He grinned. “It’s not too bad,” he said.

“And do you do the work yourself? On the house, I mean.”

“Some of it I subcontract but a lot of it I do myself. It’s a labor of love.”

The sun had begun its slow plummet in the western sky. The edge of the beach was bathed in shade. Will sat up, resting his arms on his knees.

“What about you?” he said. “What’s it like to be Ava Dabrowski?”

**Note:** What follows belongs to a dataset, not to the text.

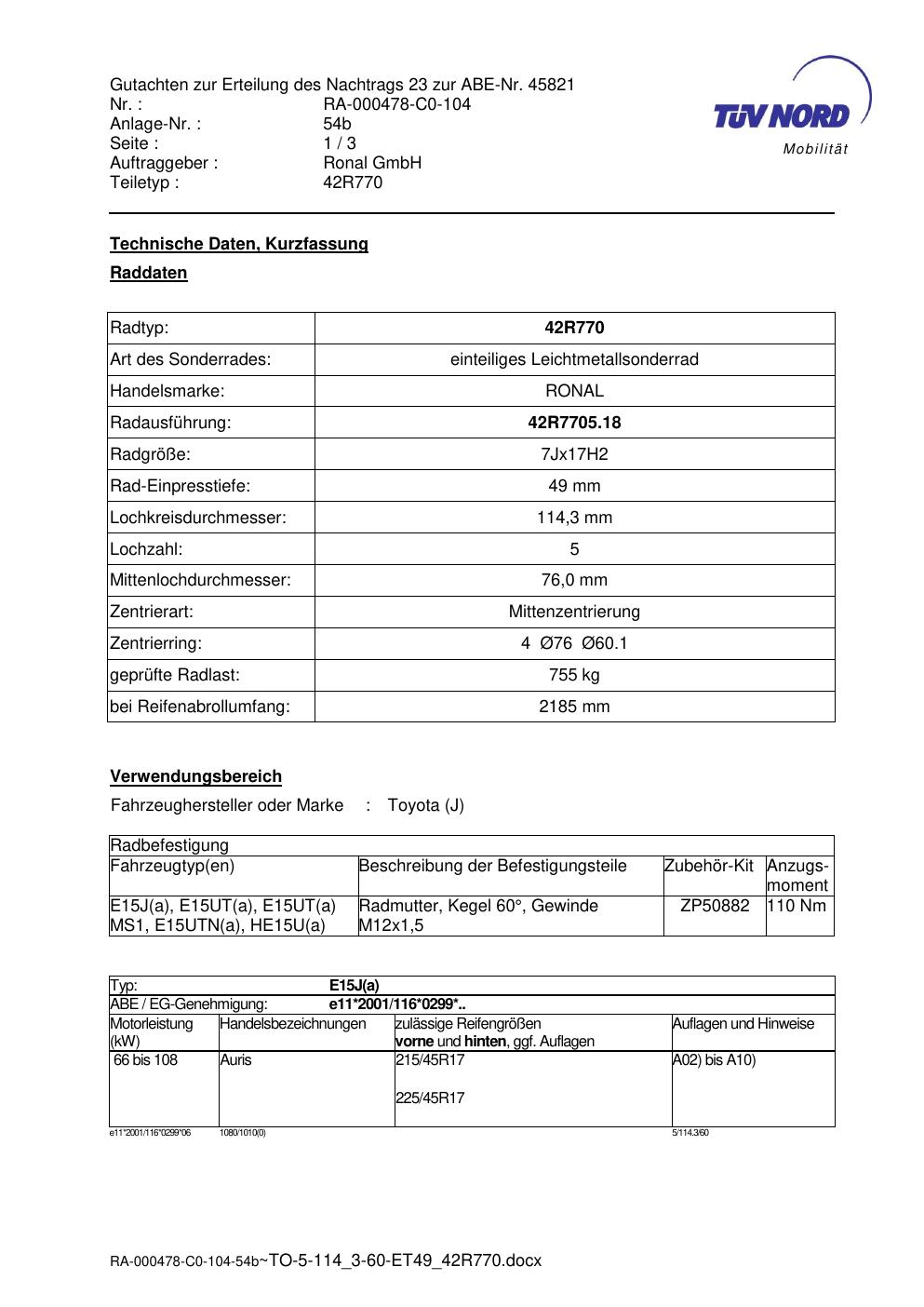 Dieses abe gehört zur Felge Ronal 42R770 in 7Jx17 ET0 mit KBA 45821. Die Seite ist dafür gedacht, dass du schnell prüfen kannst, ob KBA, Design und Größe zu deiner Felge passen und danach direkt das richtige PDF lädst.

“Endless boredom followed by moments of intense anxiety.”

“Have you considered medication?”

“Constantly.”

She thumped him playfully on the back, and that’s how it began. He leaned and tickled her around her waist, and she laughed and squirmed, and he pulled her against him and kissed her. Perhaps it was the slumberous spell of Longford that made her return the kiss. Or perhaps it was gratitude for the wonderful day, the first she had spent in a long time not thinking about her mother.

She didn’t mean for it to go any further than a kiss. Even now she could feel herself withdrawing, retreating.

“I don’t want to ruin a perfectly good friendship,” she said.

“We won’t.”

She sighed. What she took for a mild flirtation, he would take for something else entirely. She knew this about him, could see it in his earnest expression, in the slight trembling of his hands. “Look, Will, I just got out of a bad relationship.”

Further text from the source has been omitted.